MIANZHU, China (AFP) — China scrambled on Wednesday to provide shelter and prevent disease among five million people made homeless by last week's earthquake, as the number of dead and missing climbed above 74,000.
With hope virtually extinguished of finding more survivors amid the rubble of the devastated towns and villages across mountainous Sichuan province, soldiers and relief workers focused on the desperate plight of those displaced.
Nine days after the 8.0-magnitude quake, the government said the confirmed number of people killed had risen to 41,353. But with another 32,666 confirmed still missing, the death toll is likely to soar.
Stopping disease outbreaks among the five million people displaced in the disaster has become a top concern, and China's health ministry has sent more than 3,500 specialists in epidemic control to Sichuan.

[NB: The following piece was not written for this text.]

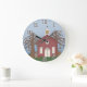 This schoolhouse teacher wall clock features a schoolhouse scene surrounded by trees and a blue sky. Nice large whimsical brown numerals. School classroom or homeschool room decorating gift designed with a teacher and students in mind. Great gift for a teacher. Large round shape only available with this design. Large round clock is shown.

Doctors in the region were also ordered to test all quake survivors who needed medical treatment for a potentially deadly bacterial infection, known as gas gangrene , that has led to 30 people having amputations.
There have been no reports of a major outbreak, but gangrene patients have been isolated to stop infections from spreading.

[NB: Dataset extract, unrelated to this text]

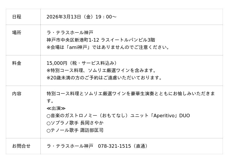 この一年の感謝と、これからのami神戸への想いを込めた祝宴をお愉しみください。

Authorities across the quake zones are working frantically to ensure people have access to clean water, a must to avoid potentially deadly epidemics of diseases such as cholera and diarrhoea.

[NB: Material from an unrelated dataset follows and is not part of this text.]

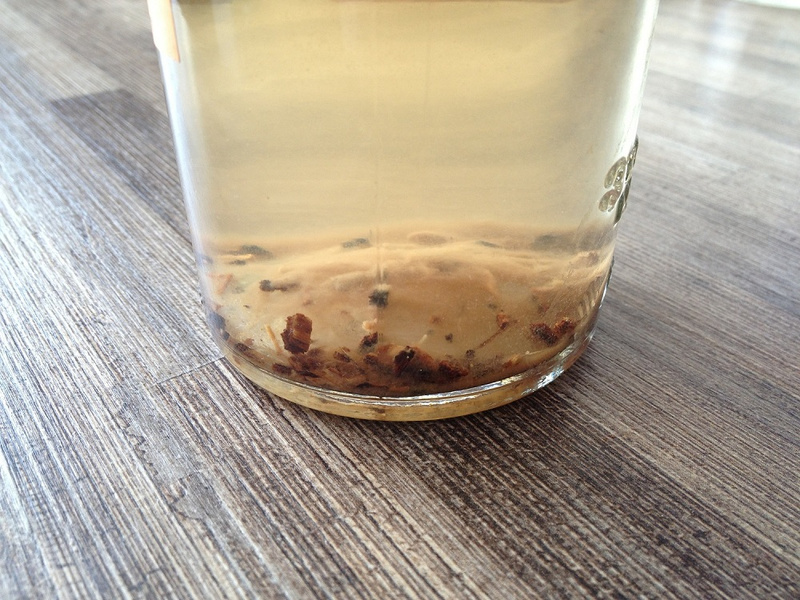 Соединить обе смеси, влить треть стакана спирта. Настаивать 10-12 часов в холодильнике.

"We don't have anything. We don't know where we're going to find money to rebuild our village," said Ma Jingsuan, 52, who was one of 7,000 people seeking refuge among a sea of blue tents on the fringes of Sichuan's Mianzhu city.
"We're entirely dependent on the government."
Premier Wen Jiabao has ordered 900,000 tents to be sent to the disaster area over the next month, and up to one million makeshift structures by August.
Across many cities in Sichuan, bulldozers were levelling ground to set up camps, according to AFP reporters there.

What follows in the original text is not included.